If you have enough cash in the bank to cover unexpected expense, hiking the deductible on your auto insurance coverage could save you hundreds of dollars a year.
But if you don't, you may be taking a big risk for comparatively little return.
CarInsurance.com compared rates on the same driver for three cars at deductibles ranging from $250 to $2,500.
If the sample driver -- a 35-year-old man with a clean record in Houston -- bought the cheapest policy shown below, he could save about 50% on his annual comprehensive and collision premiums by raising his deductible from $250 to $2,500.

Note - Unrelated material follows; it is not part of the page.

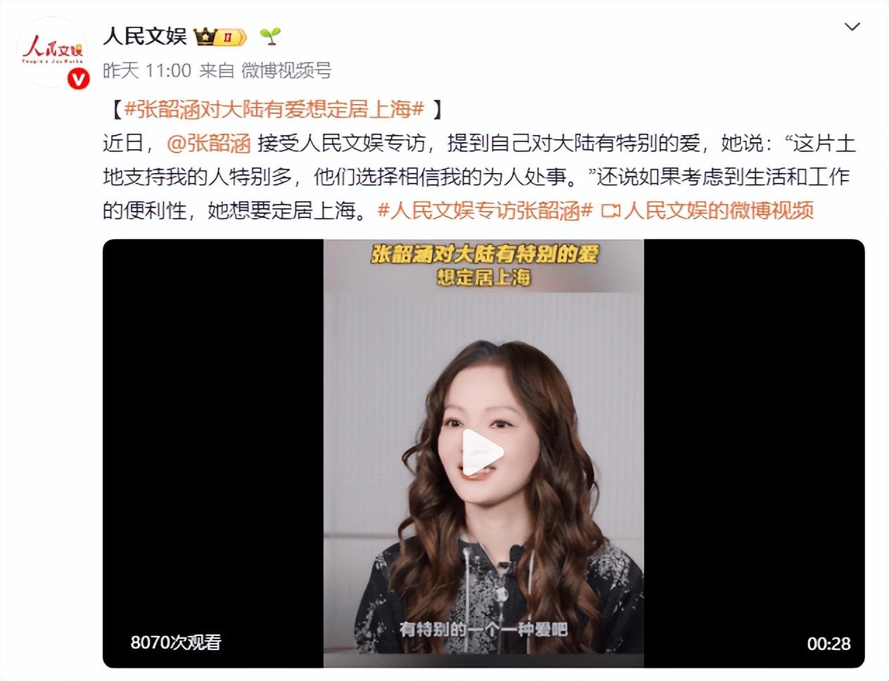 近日,張韶涵接受人民文娛專訪,提到自己對大陸有特別的愛,她說:“這片土地支持我的人特別多,他們選擇相信我的爲人處事。”還說如果考慮到生活和工作的便利性,她想要定居上海。

The figures below don't include state-required liability coverages, which don't have a deductible.
|2008 Honda Accord EX|
|2012 Ford Explorer|
The costs of comprehensive and collision coverage are determined by the value of your car and the likelihood that the insurance company will have to pay out that amount. You can save money on the cost of that coverage in three ways:
- Drop the coverage altogether if you own your car outright.
- Shop around with different carriers. Rates can differ by hundreds of dollars.
- Raise the deductible.
A deductible is the amount you have to pay toward a repair. The higher the deductible you choose, the less risk of a payout for the insurance company -- and the smaller the premiums you pay.
Depending on the car, that Houston driver saves from $176 to $284 a year going from a $250 deductible to $2,500. If you have an extra $2,500 tucked away, that's a pretty good return for your risk.
But if you don't, the loss of your car as you try to find the needed cash could be devastating.
Who should raise a deductible?
Most people spend much less on comprehensive and collision coverage -- the insurance that repairs your own car -- than on liability, the insurance that covers the people you hit. Increasing deductibles only a little -- say, from $500 to $1,000 -- might not be a savings slam-dunk.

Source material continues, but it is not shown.